Copper bolus is not a pill, like an aspirin is a pill.  Copper bolus is a gelatin capsule that has the copper filaments inside.  You NEED a bolus gun because the goat is not going to want to eat the capsule and you want the capsule to hit the stomach intact to get as much of the copper filaments in the stomach as possible.

In my opinion, it is easier to bolus a goat with two people...even with my wee Nigerians.  I can bolus the girls on the milking stand but not the boys.  It is do-able but the goats will put up a fight... just like you would if someone was trying to ram something half way down your throat.

I get my copper boluses from Santa Cruz Animal Health.  The price is good and they have adult and kid bolus.  Usually once a year if you are in a low copper area is good, check with your Vet because copper deficiency and too much copper can have the same outward appearance.  You can also buy the adult bolus and get gel capsules and split the bolus into two doses.  That might be a better choice to avoid over coppering them.

It sounds like you are going to run the goats and sheep together, yes?  So it would not do to have goat mineral out because of the sheep getting access to it, right?  Would it be possible to separate the two goats from the sheep for a few minutes a day and offer them a goat mineral then.  They would probably go for it when they had the opportunity.  They need access but they don't need to have access 24x7.  Did that make any sense?

Please keep us posted as to what you decide, and how it works for you.


----------



## ohiogoatgirl (Apr 19, 2020)

Ahh I see. I'll have to see if the local places carry them and see if I can ask the vet.

Yes I'm planning to run the goats with the sheep. I have a bunch of sheep and with just two goats, at least for now, it doesn't make sense to try running them separately. I feed the sheep together and put out some sheep/goat mineral for them but it doesn't have copper so it's safe for the sheep.
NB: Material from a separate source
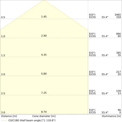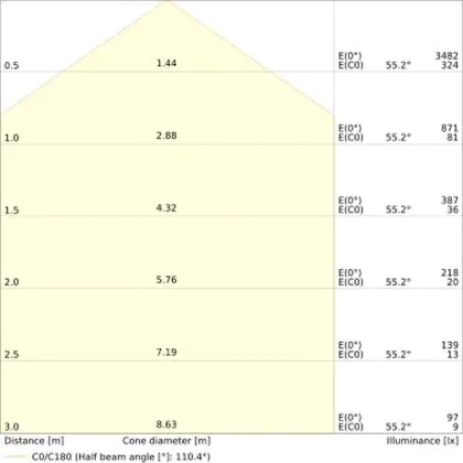 The Luminous Efficacy (lm/W) indicates how efficiently a light source uses energy. We divide the number of lumens by the wattage. The higher the number, the more efficient a product is in terms of energy consumption. LED lighting has a considerably higher lumen/Watt ratio than conventional lighting.

I think I understand what you meant. I'll have to see how it works out when the goats get here. I may just end up putting their feed away from the sheep. then I could give them a goat feed or offer them goat mineral while the sheep are eating. But the sheep are nosey so I'll just have to see how it goes. 
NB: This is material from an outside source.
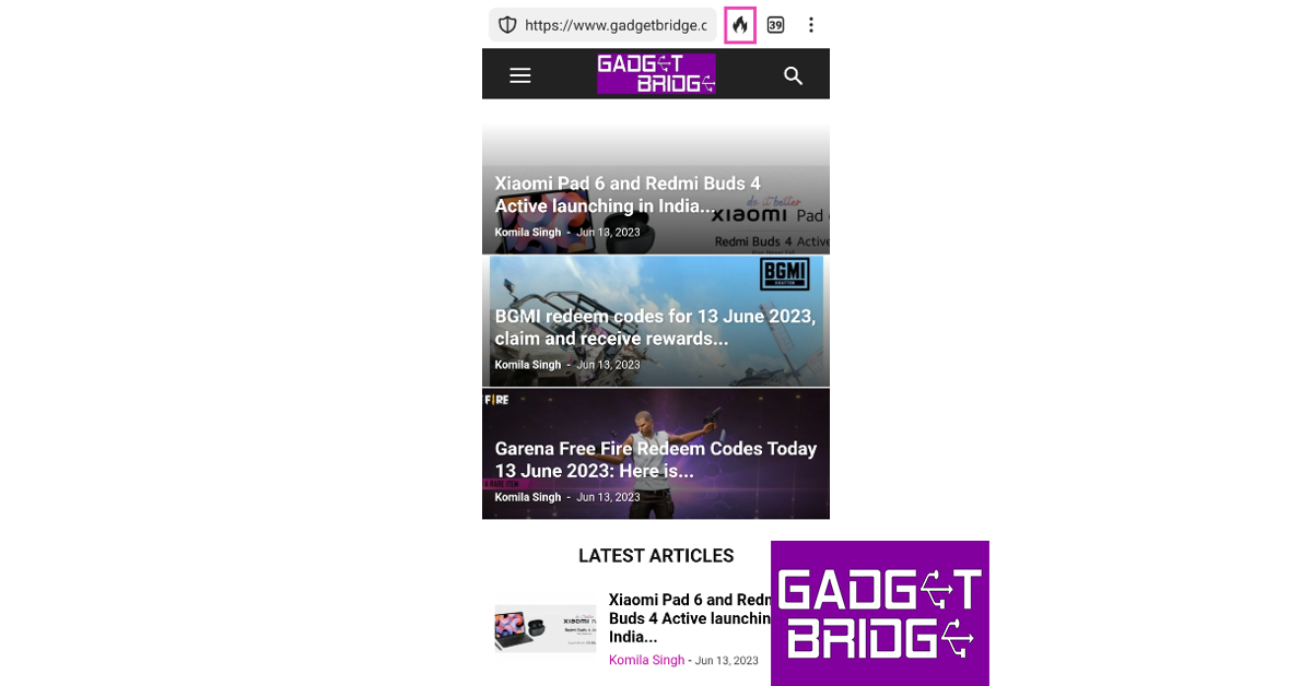 Étape 2 :Appuyez sur l'icône de feu à côté de la barre d'adresse.

The kids are a little younger than my lambs so we shall see how they integrate into the group.


----------



## Nommie Bringeruvda Noms (Apr 22, 2020)

I don't use a bolus gun. My little Nigoras LOVE bananas, so I cut a banana into chunks about 1 1/2", scooped out a round of the banana chunk, tucked in the bolus, and put the scooped-out 'cap' back on. I only have three, but the hardest thing was making sure my buck didn't steal the doe's chunks out of my hand, before they got them! I do the banana part in the kitchen - that takes the longest, and just carry them up. As soon as the goats see me coming up the hill, they come running, and it's all over in seconds, with them clamoring for more, and me laughing.


----------



## animalmom (Apr 22, 2020)

I'll have to try that! Thanks.


----------



## Ridgetop (Apr 22, 2020)

Are these dairy goats or meat goats?   And have they been disbudded?

If they are dairy goats and eventually you will be milking them, you can grain them in the stanchions with a goat grain.  That will be enough copper.  You will need to keep it separated from the sheep grain but if you are milking that won't be a problem.  In the meantime, a copper bolus sounds best for your situation.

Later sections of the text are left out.